[Your instructions]
After locating the line that bears "CGJ5070TCAE4型餐", restate word for word that line and the rest of the listing to its final line, excluding all pictures.

[Recorded data]

------------

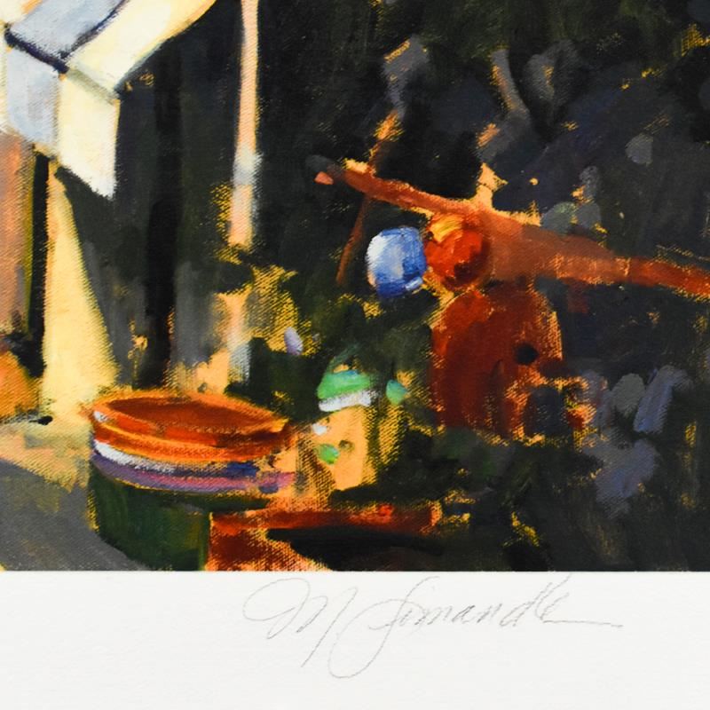 "Cafe Bella" is a limited edition giclee on paper by Marilyn Simandle, numbered and hand signed by the artist. Includes Letter of Authenticity. Measures approx. 30" x 38.5" (border), 25" x 33" (image).
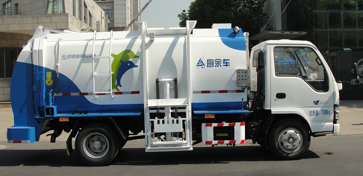 CGJ5070TCAE4型餐廚垃圾車是對賓館、餐廳、食堂的廚余垃圾、食品加工的廢料、副食品集貿市場和超市的過期商品等直接收運的專用車輛。該產品通過底盤取力器驅動液壓泵,產生高壓油,帶動液壓系統工作,從而提桶機構和頂蓋工作,將垃圾桶內垃圾倒入箱體;到指定地點,打開后門,推出推板進行卸料,完成作業。
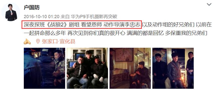 因户国防比较符合吴京的外形,从此,便成了吴京御用替身演员,包括后来吴京主演的《杀破狼2》和《战狼2》,都有他幕后的身影。
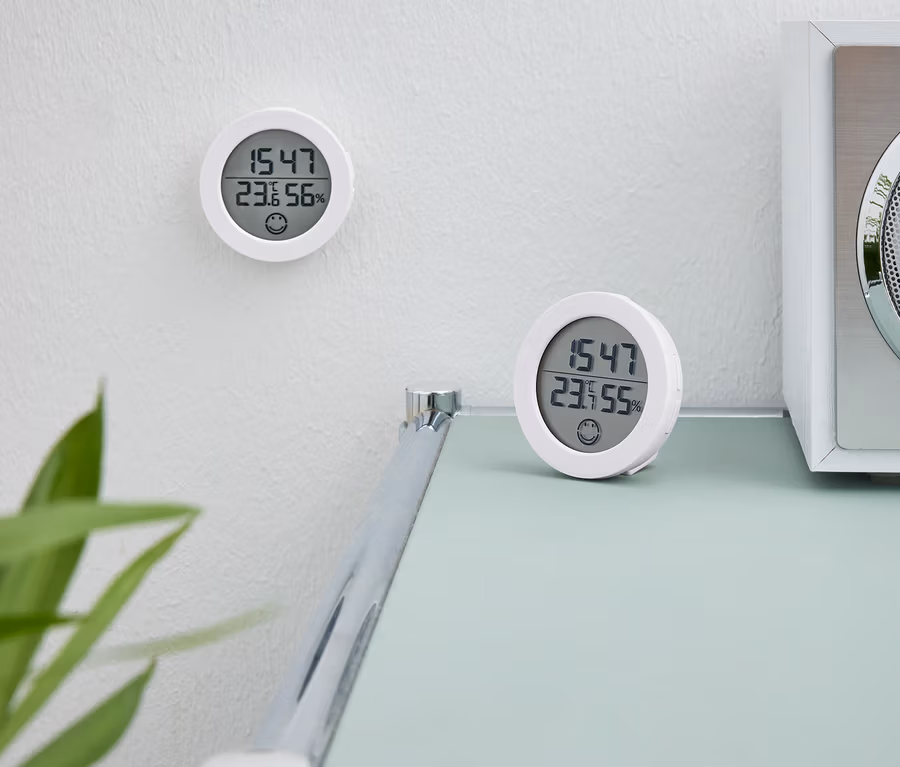 • Zeigt Temperatur, Luftfeuchtigkeit und Uhrzeit an

------------

[Expected output]
 CGJ5070TCAE4型餐廚垃圾車是對賓館、餐廳、食堂的廚余垃圾、食品加工的廢料、副食品集貿市場和超市的過期商品等直接收運的專用車輛。該產品通過底盤取力器驅動液壓泵,產生高壓油,帶動液壓系統工作,從而提桶機構和頂蓋工作,將垃圾桶內垃圾倒入箱體;到指定地點,打開后門,推出推板進行卸料,完成作業。
 因户国防比较符合吴京的外形,从此,便成了吴京御用替身演员,包括后来吴京主演的《杀破狼2》和《战狼2》,都有他幕后的身影。
 • Zeigt Temperatur, Luftfeuchtigkeit und Uhrzeit an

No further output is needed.